Often people ask me how things are going. I can honestly answer, "good." I am pretty sure that most people translate that to mean "easy peasy." Truth is, this is hard work. Relentless, non stop, and requiring more patience and energy than I have on my own. Sometimes I feel like there is no way that I can do the same thing all over again.
Get up, shower, try to have devotions, get "interrupted," oversee breakfast, clean up the mess, teach, go outside to make sure nobody goes in the street while they play, make lunch, clean up the mess, teach, go outside again, make supper, clean up the mess, get kids ready for bed, crash, sleep, repeat.
Sometimes I CRAVE a few minutes of QUIET, uninterrupted time. I get up at 5:30 am everyday so that I can shower and have some time in the Word before the children get up. Technically they aren't allowed up until 7 am, but there's a new kid in the house and he happens to be an early riser. I let him sit by me and look at a book- it's good one on one time for us, but it gets super tricky when one of the girls gets up to go potty and discovers that Teshome is up. Then the "not fair" talking starts and I suddenly find myself surrounded by messy blonde heads and the whole idea of praying for the world goes out the window.
Sometimes I feel like it's a vacation to walk to the mailbox by myself.
Sometimes I am pretty sure I'll go crazy if I don't get to go somewhere without anyone else.
At those times I have to think big picture. Stop feeling sorry for myself and think about my God and King and all He sacrificed to adopt me. I deserve nothing more than eternal death and punishment, but by His GRACE I am free, I am a child of God, I have life, I have 6 beautiful children who need me everyday. Yes, it's messy and there's lots of poop and laundry and fighting and I can usually think of a million things I'd rather do than push kids on swings for an hour. Yes, the house is crowded and cluttered and I can barely keep up to make sure people have clean underwear, and we always run out of spoons, and there's toothpaste all over the girls' bathroom counter all the time and gas costs too much for me to go anywhere even if I could hire a babysitter. BUT, do I really have any right to complain? Not so much. God is good and continues to supply my needs and enable me to get out of bed each morning.

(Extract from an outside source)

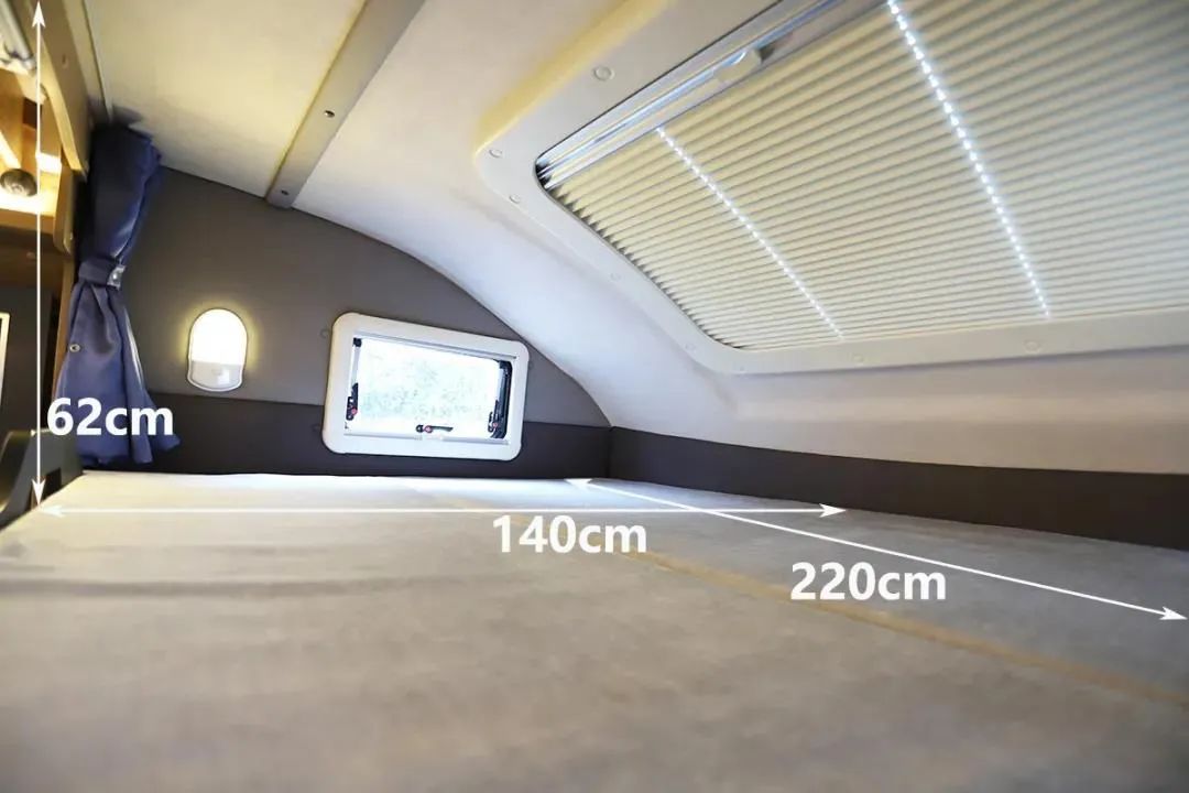 最后我們來(lái)看看后置橫床區域,經(jīng)過(guò)實(shí)測床鋪尺寸可以達到220x140(cm),拓展艙可延伸約60cm寬度。

Still, I don't want people to think that in my answer of "good" I'm painting a rosy picture of the adjustment a family goes through after an adoption. I wouldn't want you to be inspired to adopt because of how easy it is. It isn't easy. It is a blessing and it is wonderful and there are beautiful moments. There is laughter and fun. But there's also the grief of a little boy who has left behind everything normal and comfortable to start a new life in a foreign land with no language skills. There's the challenge of five children who have to give up the level of activity and attention they are used to and sacrifice for a brother they don't really know. There's the fact that we don't feel comfortable with the idea of leaving him with any other care giver until we believe he confidently knows that we are his parents and family forever. So, when I say good, please know that's the short answer to an essay question. I'm just usually not sure if people are ready for the long answer. If you are, I'd be glad to share more. Otherwise, things are good.